THE FAMOUS, THE INFAMOUS, THE ANONYMOUS

A History of Portraiture in Photography

Lorraine Anne Davis, Curator

Nancy Cantwell, Project Director

 

Introduction

The recording of likenesses has been integral to the preservation of mankind’s short history on earth. Great men and women have found their faces etched onto money, chiseled into marble, poured in bronze, and applied to canvas. However, since the advent of photography, portraiture has become democratic, doing away with a class system that separated those who could afford to have their portraits done, from those who have long faded into a faceless past.

 

Thanks to Kodak, The Anonymous now have a face. It would be nearly impossible to find a person in the western world who has not been photographed at least once. Does this overwhelming sea of faces intensify our own feelings of anonymity or are we comforted by ‘safety in numbers’? Do the anonymous photographic portraits we see floating in boxes at the flea markets confront us with our own mortality?
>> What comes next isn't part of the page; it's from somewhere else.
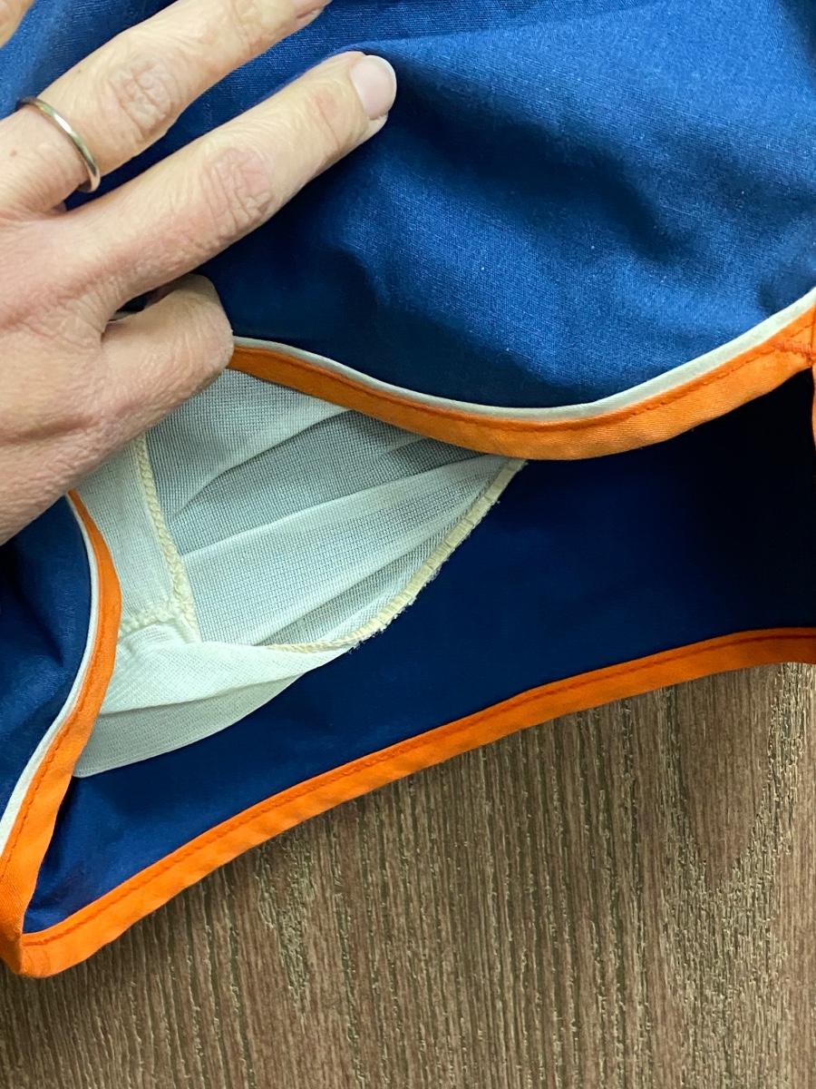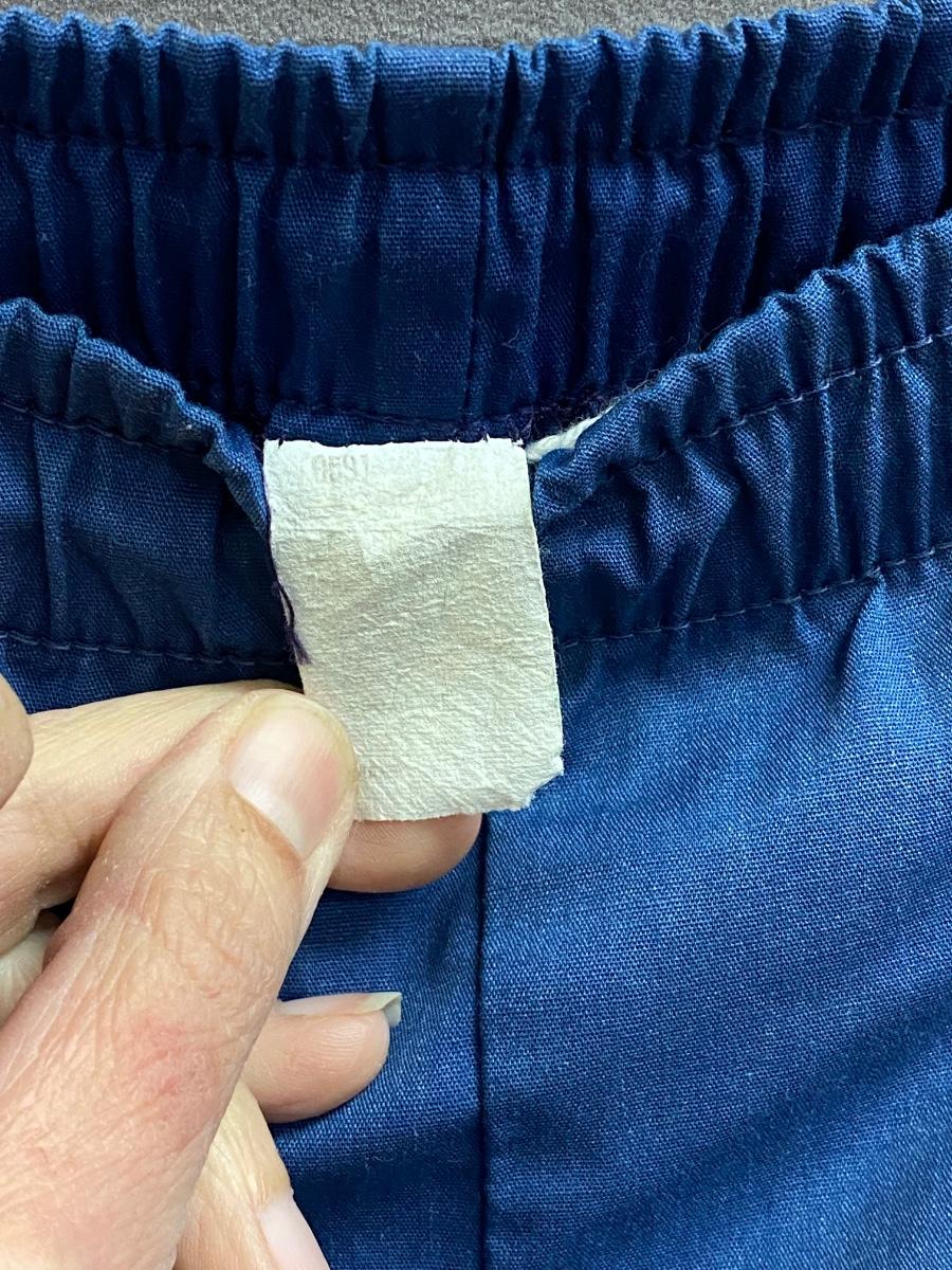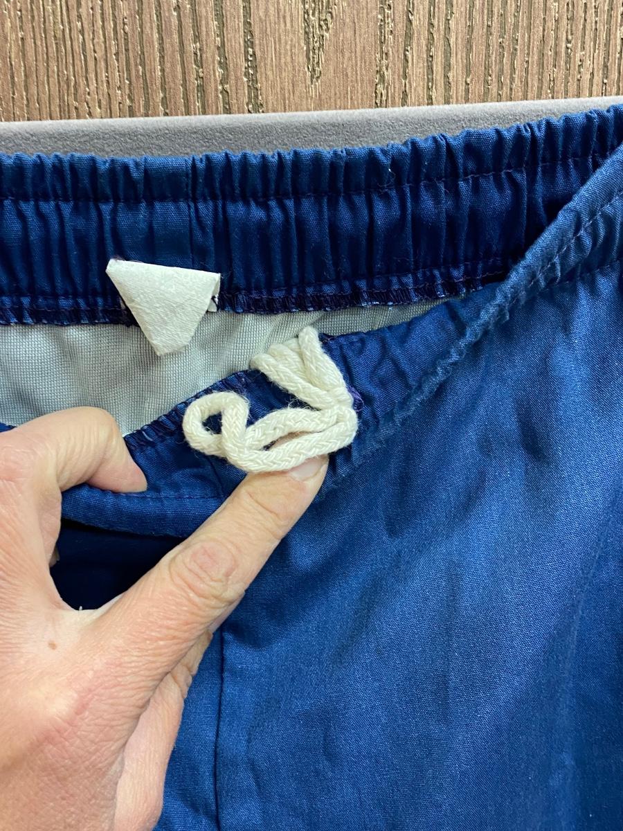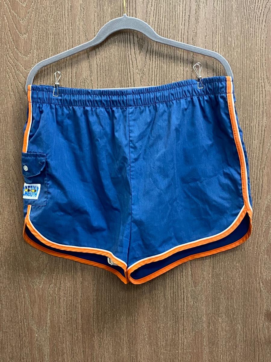 Retro blue & orange swim trunks from Laguna. Lined short shorts, elastic waist. Tag has faded, can't read size, maybe a medium. In good vintage condition.

Or are we assured by our eventual place among them contributing to the nameless community of mankind?

 

There are only so many people we can cross paths with in a lifetime and fewer with whom we form a bond deserving of a photograph. Do we fully appreciate that it is these portraits, anonymous to everyone but us, which have true value? They cost next to nothing, but the role they play in our lives is phenomenal. They keep our personal history current, they pull on our heartstrings, they represent our identity while we are alive, and preserve an image of us after we are dead. As time passes our portraits become like empty seashells –once living creatures, now dead and forgotten; an anonymous image in silver left on mankind’s shoreline.

 

Edward Steichen, in his ‘Family of Man’ exhibition of 1955, knew how particular portraits could evoke a collective familial recognition. He designed his landmark exhibition to capture the imagination and the heart of the crowds flocking to see the show in much the same way that personal photographs evoke personal memories. His intent was to unite man by presenting the world of the portrait as the world of the family. By carefully selecting and arranging the portraits he was able to touch our humanitarian sensibilities and give us, the viewers, a sense of belonging to the world of man. Only briefly did he look upon man’s dark-side.

 

Portraits of The Infamous touch us with a titillating fear much the same way a carnival ride scares us with a brush with the possibility of death. When we view images such as Jack the Ripper’s last victim in her bloodied bed, or stare at the vacant eyes of Dr. Harold Shipman, the British doctor who “euthanised” hundreds of his patients, we are horrified and fascinated at the same time. What feelings are evoked when we see the face of Charles Manson, now in his 60’s, applying for parole, next to the photograph of Sharon Tate, his victim, stopped forever in her youth? How can a murderer be a victim as well? How was Hitler’s portrait-smith, Hoffman, able to produce such stylized photographs of a genocidal manic, and how do we respond to a portrait of Milosovich, proclaiming innocence while the bodies of thousands of Serbs are exhumed from mass graves. Does our morbid fascination with the psychopathic murderer reflect recognition of our own dark side? Do we recognize our own family in the face of the murderer, or do we identify only with the victim? What do we see when we gaze at the young faces of John Venables and Robert Thompson, the two ten-year-old boys who tortured and murdered two-year-old Jamie Bolger, and left him on a railroad track in 1993? What prevents us from being the murderer? or the victim?

 

Do images of The Famous reflect our longings for recognition and admiration? Do famous people seek to embrace immortality through their fame? Today, young people seem obsessed with fame as though it would rescue them from their own seemingly empty existence. Is this obsession a result of being afraid of anonymity? With the population of the world exploding our ‘ignoble’ anonymity increases exponentially. It is as though we scramble for a photograph to affirm our existence. We may be convinced that fame and recognition will somehow make us happy. Yet when we see a recent portrait of Michael Jackson, we know that fame does anything but affirm self-esteem. Who is not moved to pity by the photograph of Marilyn Monroe’s corpse taken at the morgue and particularly when contrasted with images of her at the height of her fame? What do the mug shots of Hugh Grant and Divine Brown hold for us? What of the portraits of the now dead Diana? The Perfect and the Posed? What price immortality? Can the loss of anonymity be too high a price to pay? And for what?

What longing does a portrait answer?